Emily Haines è una glaciale bellezza canadese venuta al mondo 32 anni addietro. Fino alla deflagrazione della indie (boken social) scene di Toronto e dintorni, la sua notorietà era legata ad un mero legame di parentela.

Il padre, Paul, fu autore dei testi di due significative incisioni della signora Carla Bley come 'Escalator Over The Hill' (1968) e 'Tropical Appetites' (1973).
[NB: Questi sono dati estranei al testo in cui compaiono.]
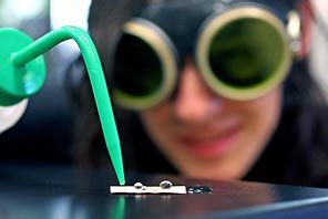 In a laboratory at North Seattle Community College, Robyn Severson peers through protective goggles at pieces of copper coated with a single layer of molecules that either repel or absorb water.
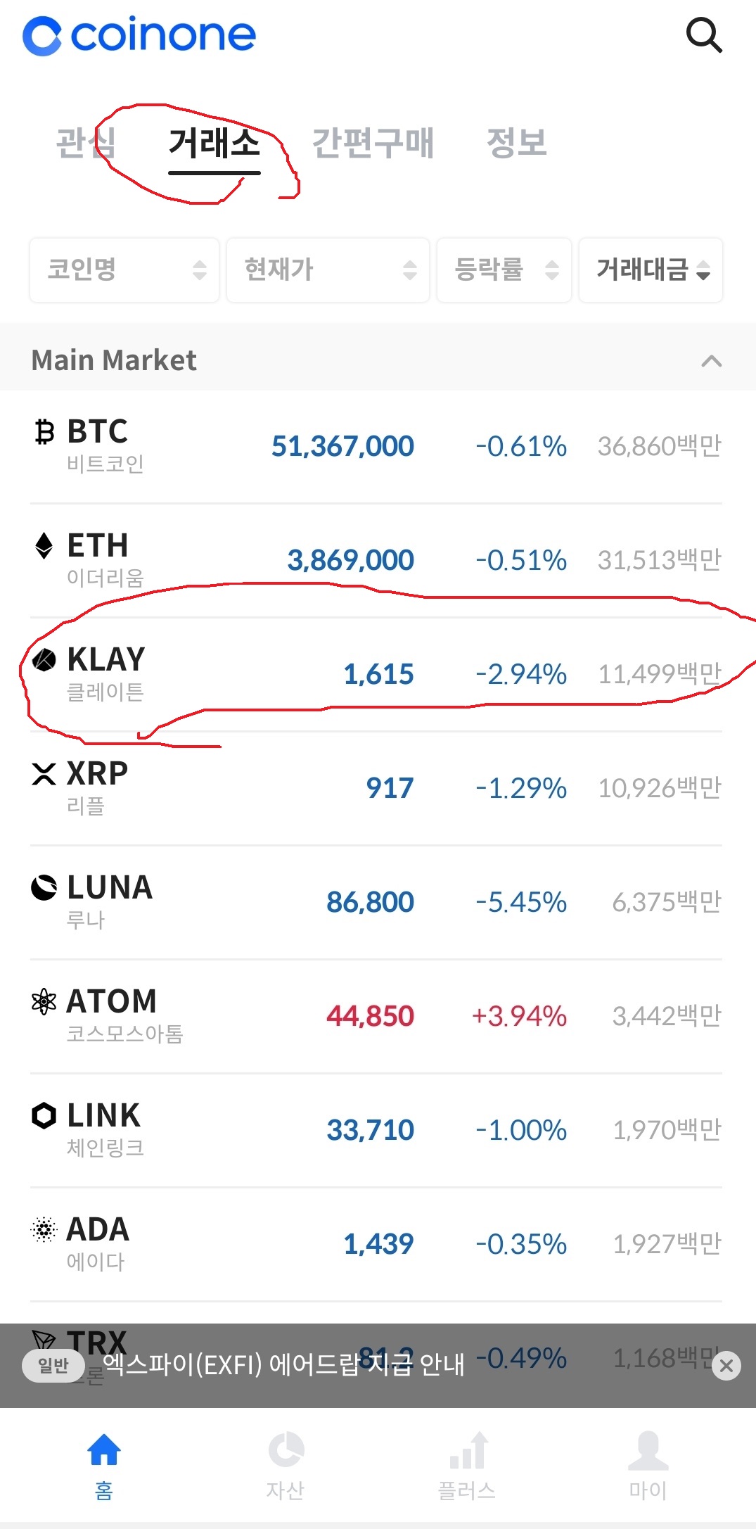코인원 거래소에서 클레이튼을 매수했다면 내 자산 목록에 클레이튼이 자리잡고 있을 터,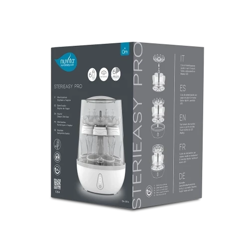Ultra veloce e sicuro, lo sterilizzatore a vapore digitale SteriEasy Pro sterilizza fino a 6 biberon, tiralatte ed accessori in soli 6 minuti mantenendo il contenuto sterile fino a 24 ore.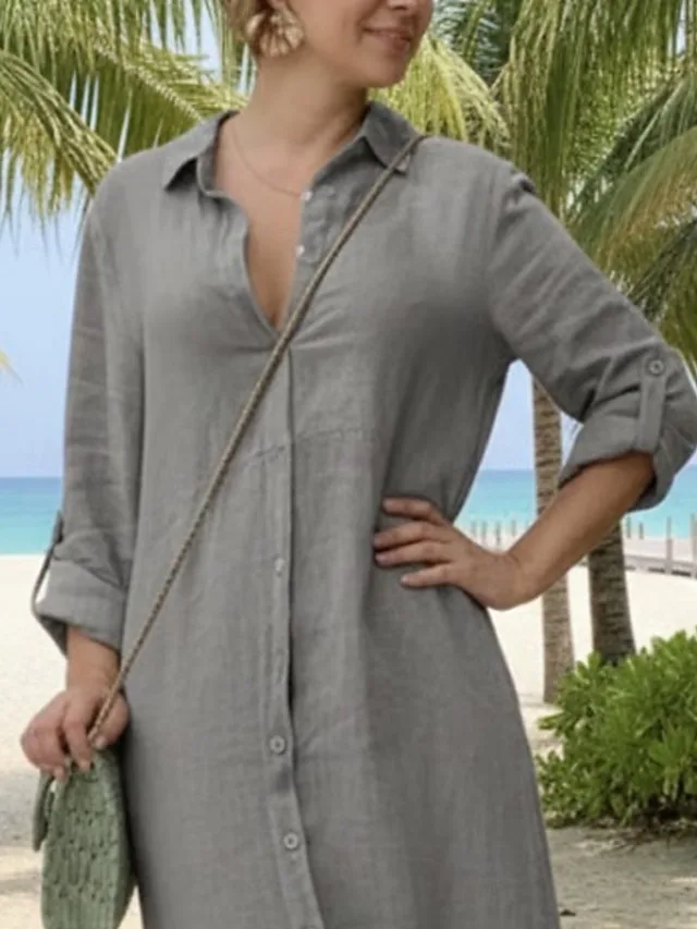 Entdecke das lässige Maxi-Kleid mit lockerer Passform und Reverskragen – stilvoll für Alltag und Übergangszeit. Jetzt bestellen.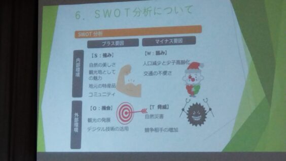 生徒達もクイズに解答したり、「SWOT分析」に関して
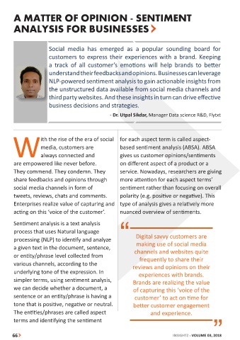 media, customers are based sentiment analysis (ABSA). ABSA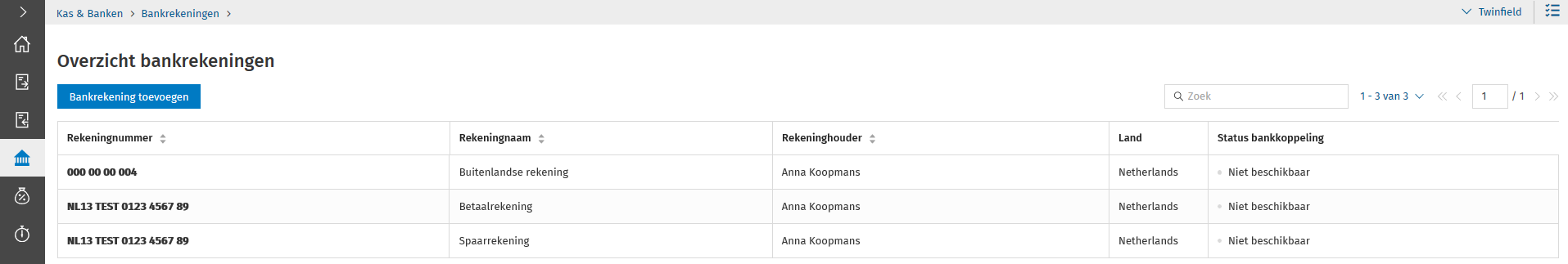 Alle gebruikers met bankrekeningbeheer zien dit handige overzicht met bankrekeningen.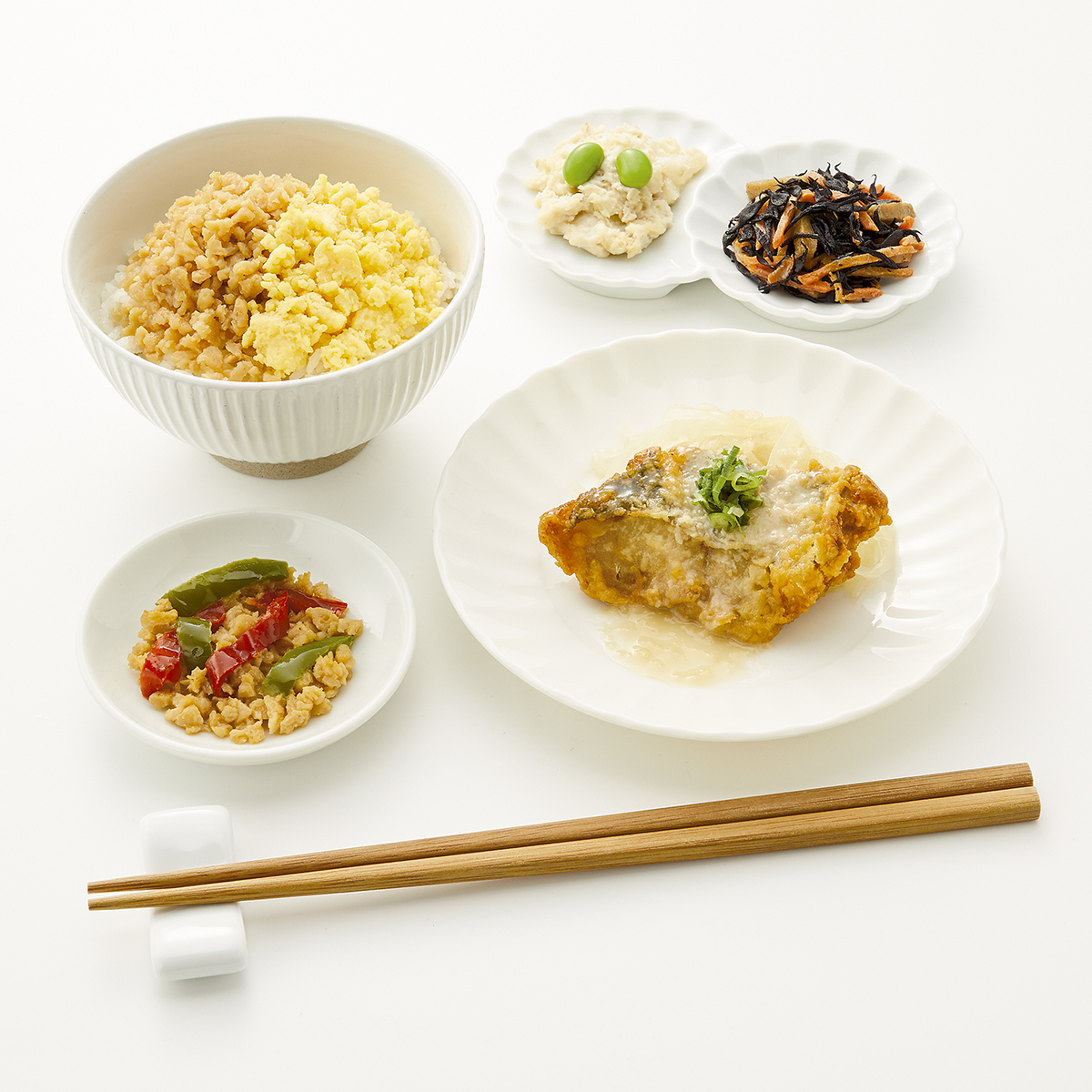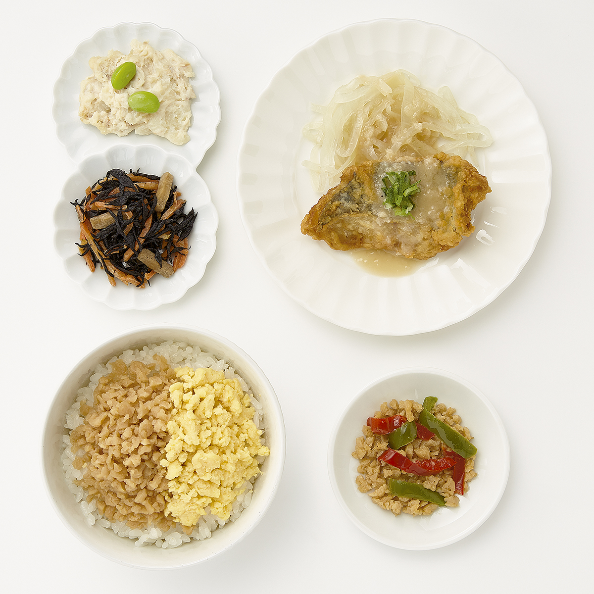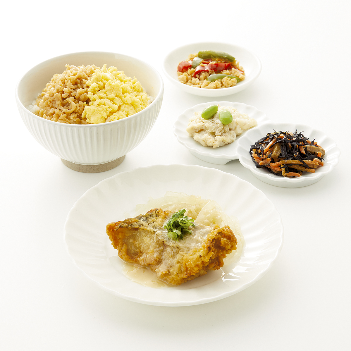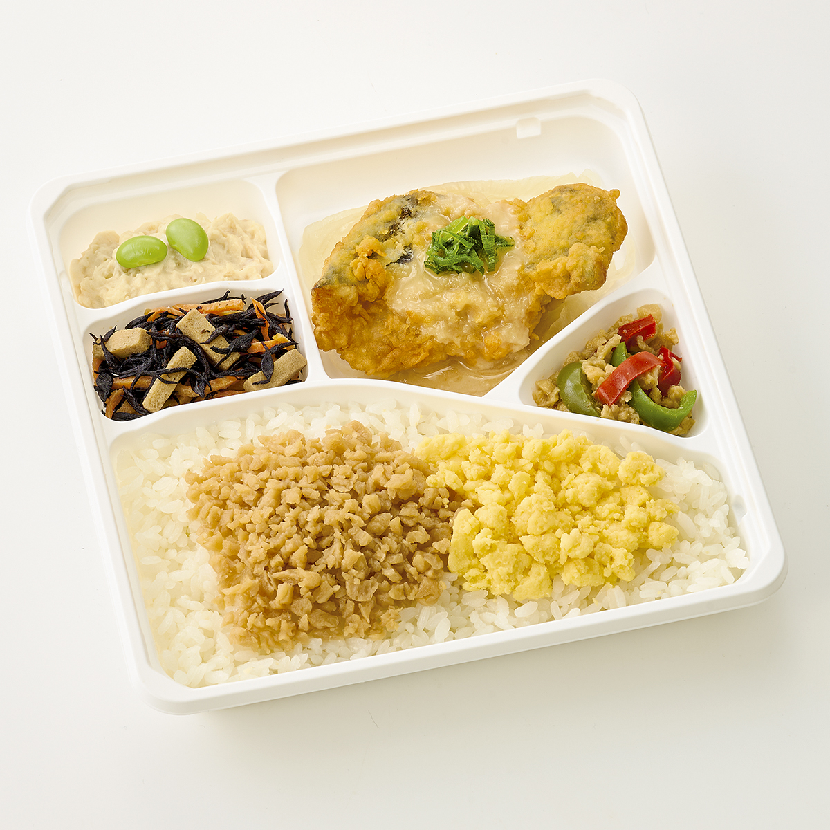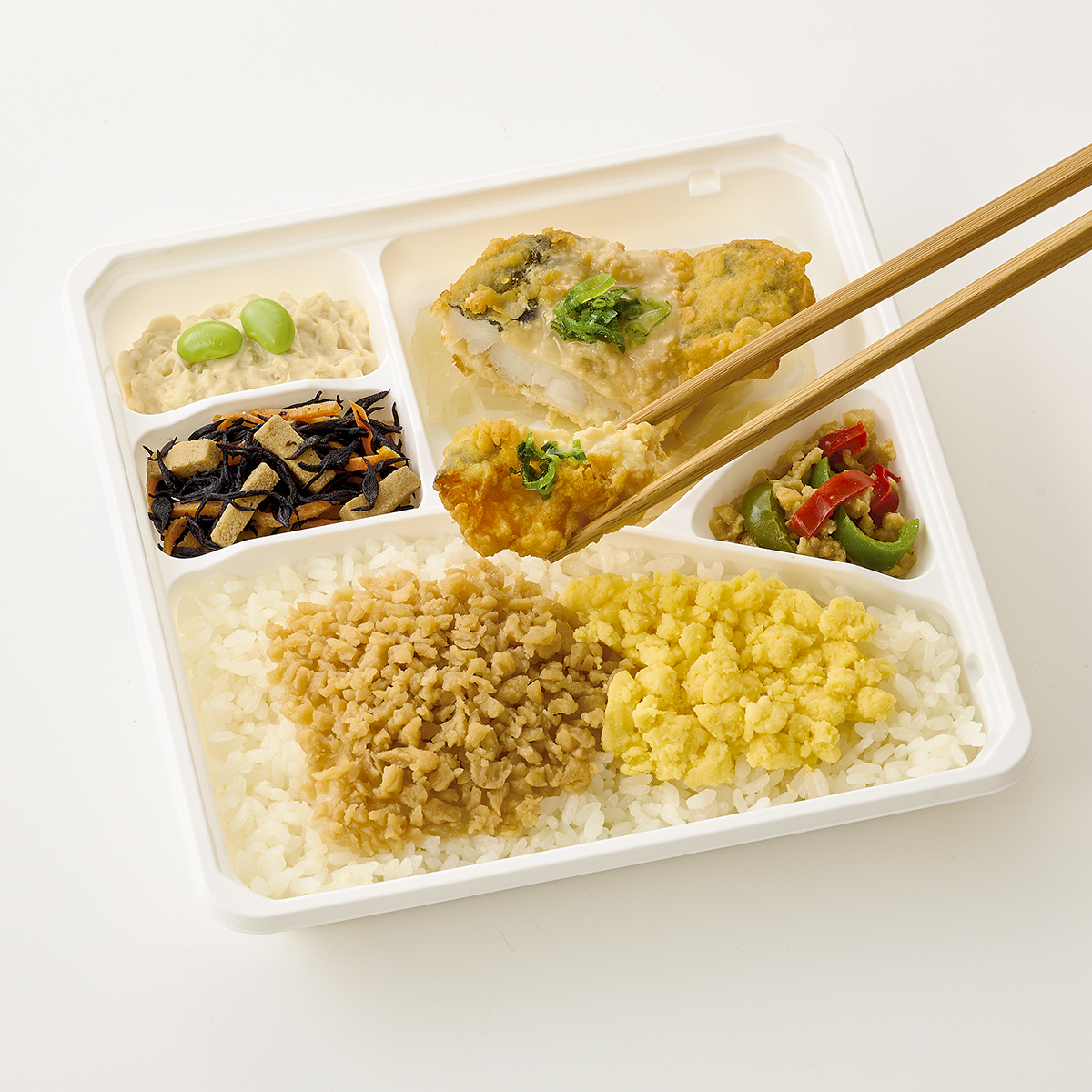 | 原材料名 | うるち米(日本産)、ホキ(ニュージーランド産)、ポテトサラダ、卵、ピーマン、人参、砂糖、ひじき、玉ねぎ、植物油、粒状植物性たん白、醤油、ホエイたんぱく濃縮物、大根おろし、天ぷら粉、半固体状ドレッシング、ツナフレーク、枝豆、高野豆腐、ねぎ、発酵調味料、みりん風調味料、醤油だし、ごま、食塩、かつお削り節、還元でん粉加水分解物、しょうが/加工でん粉、糊料(加工でん粉、増粘多糖類)、卵殻Ca、膨脹剤、調味料(アミノ酸等)、凝固剤、重曹、酵素、乳化剤、香辛料、酸味料、着色料(カロチノイド)、酸化防止剤(V.C)、pH調整剤、(一部に小麦・卵・乳成分・ごま・さば・大豆・鶏肉・りんご・ゼラチンを含む) 原材料配合割合(仕込み時):ホキ7% | ||

L’incursione nel secondo lavoro a lunga gittata dei BSS ('You Forgot It In People', 2002), quando concesse in prestito corroboranti acuti pop ad un “inno per una vecchia ragazza diciassettenne”, fece saltare il banco.

Nacquero i Metric, con elementi messi assieme a mo’ di Lego, trainati da una ritmica electro-funky e dalla spaventolmente accattivante ugola di Haines figlia. Due dischi in 36 mesi, colmi di frecciate danzerecce e tecno-mitragliate pop: poi, di colpo, da un affossato vaso di Pandora psichico, la biondina ha lasciato fuoriuscire 11 sonate per piano e violino, delicate e leggere come un fuscello.

Oltre 45 minuti in downtempo, oscillando fra Fiona Apple e Tori Amos, Morricone e Neil Young. Un viaggio intimistico, onirico, etereo e conturbante ad un tempo: una notturna trapanazione dei sensi, scandita dai tasti di un pianoforte classico e composto, di volta in volta accompagnato da bassi timidi ed archi strepitanti. Di 'Knives Don't Have Your Back', suo debutto solista, l’ascolto non è agevole, o almeno non immediato. Appare piatto, monocorde ai limiti dell’increatività. Basta però donargli un supplemento di pazienza ed ecco apparire Wurlitzer, sintetizzatori, chitarre slide e fiati mistici che riportano alla memoria le sfide cromatiche di Beth Gibbons ai tempi dei Portishead e di quella "Sour Times" eseguita dal vivo al Roseland di NYC.

Spettrale, angustiante, disperato. Il lato oscuro di Emily Haines.